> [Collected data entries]
——————
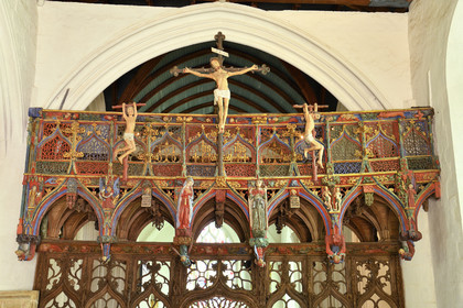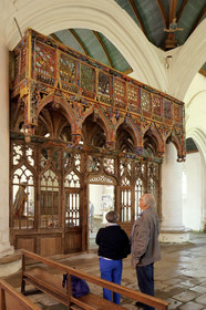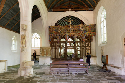 France, Morbihan (56), Ètape sur le chemin de Saint-Jacques de Compostelle, Le FaouÎt, chapelle Saint-Fiacre du XVe siËcle, le jubÈ polychrome en bois considÈrÈ comme l'un des plus beaux de France
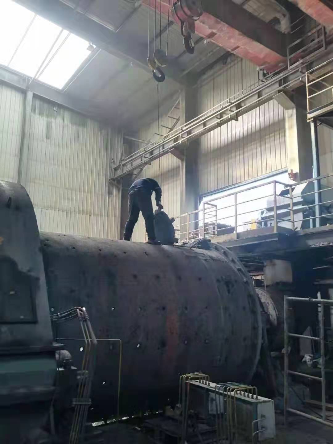26日上午8時(shí),開始對9號球磨機(jī)進(jìn)行停機(jī)倒鋼球作業(yè),相繼開始了一系列的拆裝工作。開始用行車自動(dòng)模式進(jìn)行倒鋼球和拆卸作業(yè),隨著裝襯板難度和危險(xiǎn)系數(shù)的增大,后期行車采用人工手動(dòng)模式作業(yè),通過這種倒行車的辦法,大大提高了工作效率,保證了作業(yè)的精準(zhǔn)和人員的安全。經(jīng)過65個(gè)小時(shí)的連續(xù)奮戰(zhàn),9號球磨機(jī)于3月1日凌晨1:25開機(jī)運(yùn)轉(zhuǎn)。
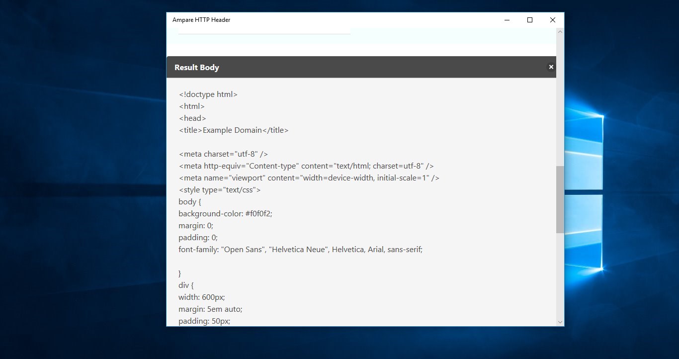 Ampare HTTP Header Display HTTP Response Header with Optional Response Body on Any Website URL You Like.
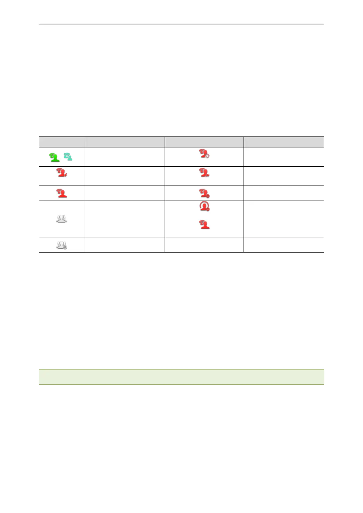 The following table shows all kinds of icon indicator associated with the shared line and the corresponding descrip-
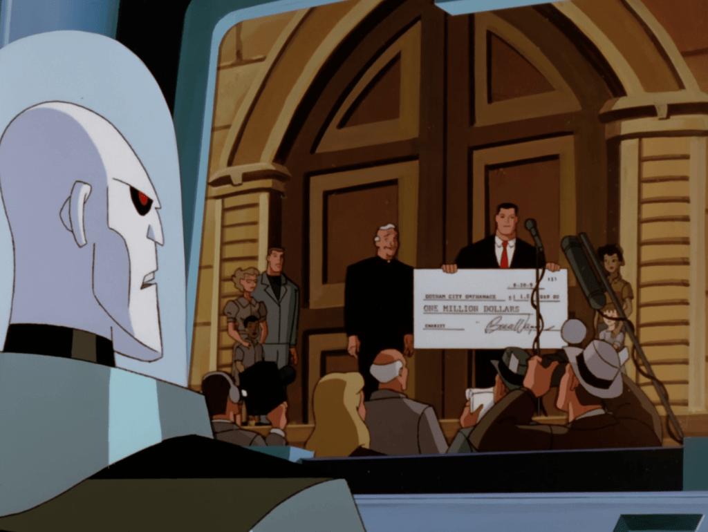 Elsewhere, Freeze keeps a team of doctors hostage for unknown reasons. He declares Bruce Wayne his next target, because he lives a life of safety and security, which irritates him, I guess?
——————
> [Problem description]
The reply should hold an exact repeat of the entries from their opening line through the line with "The following table", and no pictures at all.

> [Response box]
 France, Morbihan (56), Ètape sur le chemin de Saint-Jacques de Compostelle, Le FaouÎt, chapelle Saint-Fiacre du XVe siËcle, le jubÈ polychrome en bois considÈrÈ comme l'un des plus beaux de France
26日上午8時(shí),開始對9號球磨機(jī)進(jìn)行停機(jī)倒鋼球作業(yè),相繼開始了一系列的拆裝工作。開始用行車自動(dòng)模式進(jìn)行倒鋼球和拆卸作業(yè),隨著裝襯板難度和危險(xiǎn)系數(shù)的增大,后期行車采用人工手動(dòng)模式作業(yè),通過這種倒行車的辦法,大大提高了工作效率,保證了作業(yè)的精準(zhǔn)和人員的安全。經(jīng)過65個(gè)小時(shí)的連續(xù)奮戰(zhàn),9號球磨機(jī)于3月1日凌晨1:25開機(jī)運(yùn)轉(zhuǎn)。
 Ampare HTTP Header Display HTTP Response Header with Optional Response Body on Any Website URL You Like.
 The following table shows all kinds of icon indicator associated with the shared line and the corresponding descrip-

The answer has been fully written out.